## [Exercise details]
Return the data below exactly as given, except for the images.

## [Information shown]
____

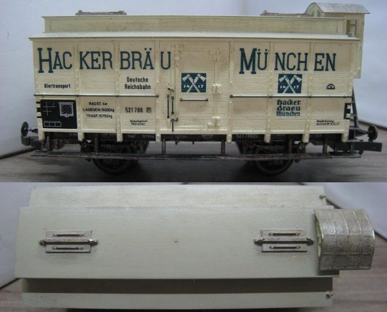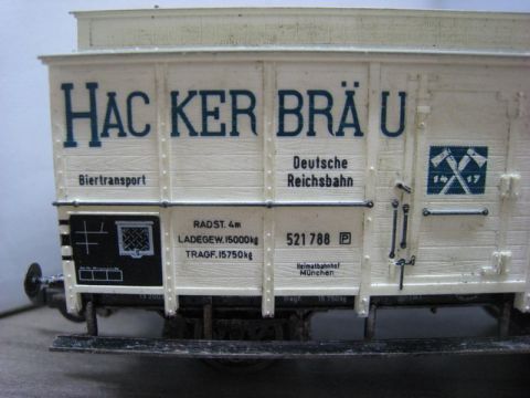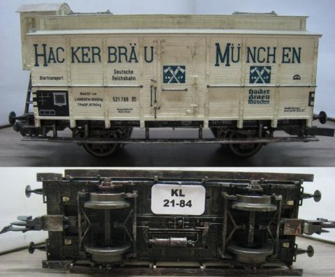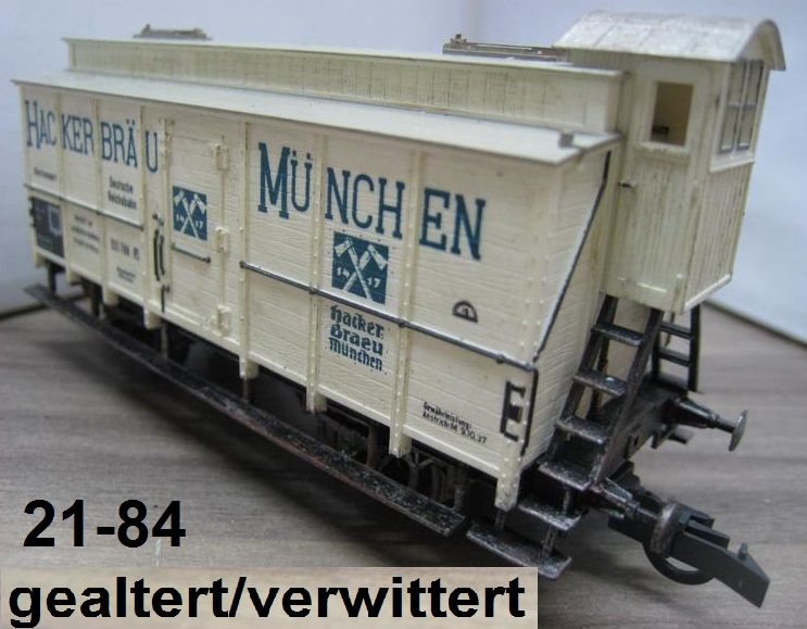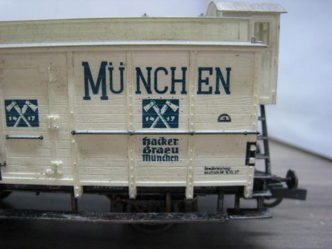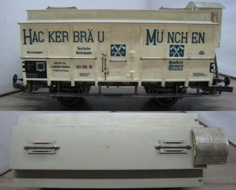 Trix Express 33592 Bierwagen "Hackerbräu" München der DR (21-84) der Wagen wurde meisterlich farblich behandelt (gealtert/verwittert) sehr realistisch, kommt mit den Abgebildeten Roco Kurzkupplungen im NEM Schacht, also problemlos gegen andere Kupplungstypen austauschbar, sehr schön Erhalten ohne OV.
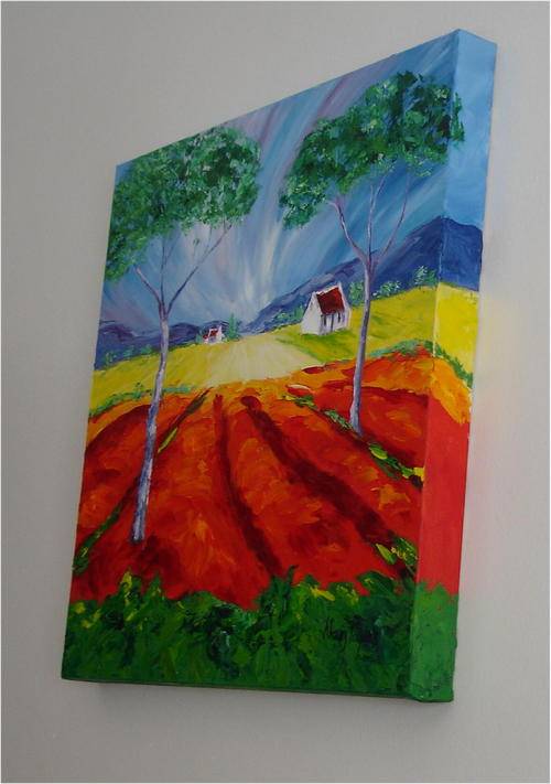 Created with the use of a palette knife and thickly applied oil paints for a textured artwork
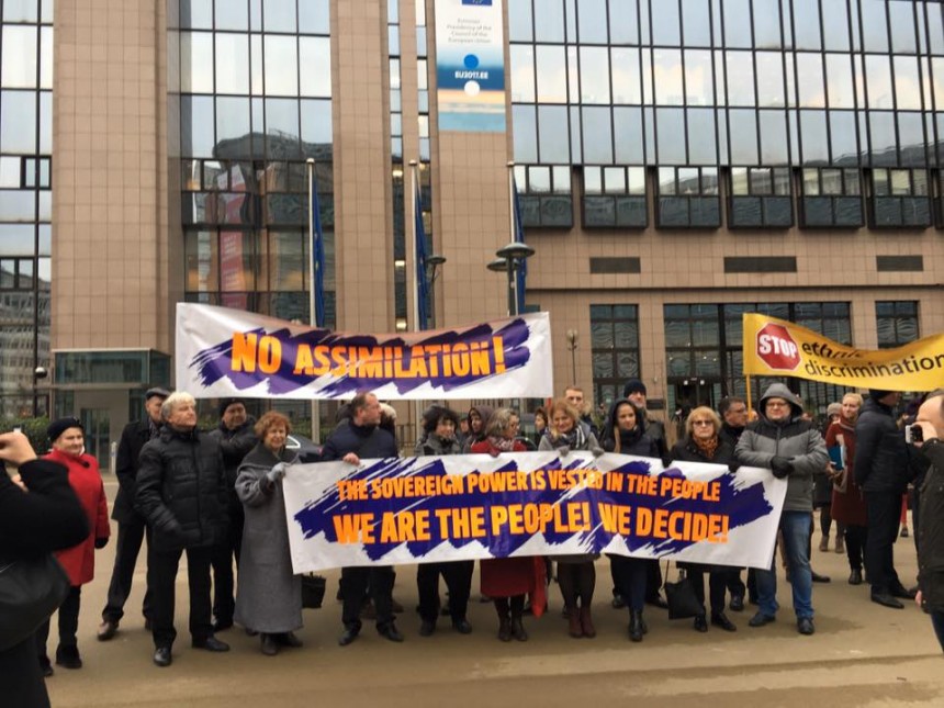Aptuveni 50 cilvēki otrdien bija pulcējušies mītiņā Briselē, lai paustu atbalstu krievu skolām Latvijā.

____

## [Solved problem]
 Trix Express 33592 Bierwagen "Hackerbräu" München der DR (21-84) der Wagen wurde meisterlich farblich behandelt (gealtert/verwittert) sehr realistisch, kommt mit den Abgebildeten Roco Kurzkupplungen im NEM Schacht, also problemlos gegen andere Kupplungstypen austauschbar, sehr schön Erhalten ohne OV.
 Created with the use of a palette knife and thickly applied oil paints for a textured artwork
Aptuveni 50 cilvēki otrdien bija pulcējušies mītiņā Briselē, lai paustu atbalstu krievu skolām Latvijā.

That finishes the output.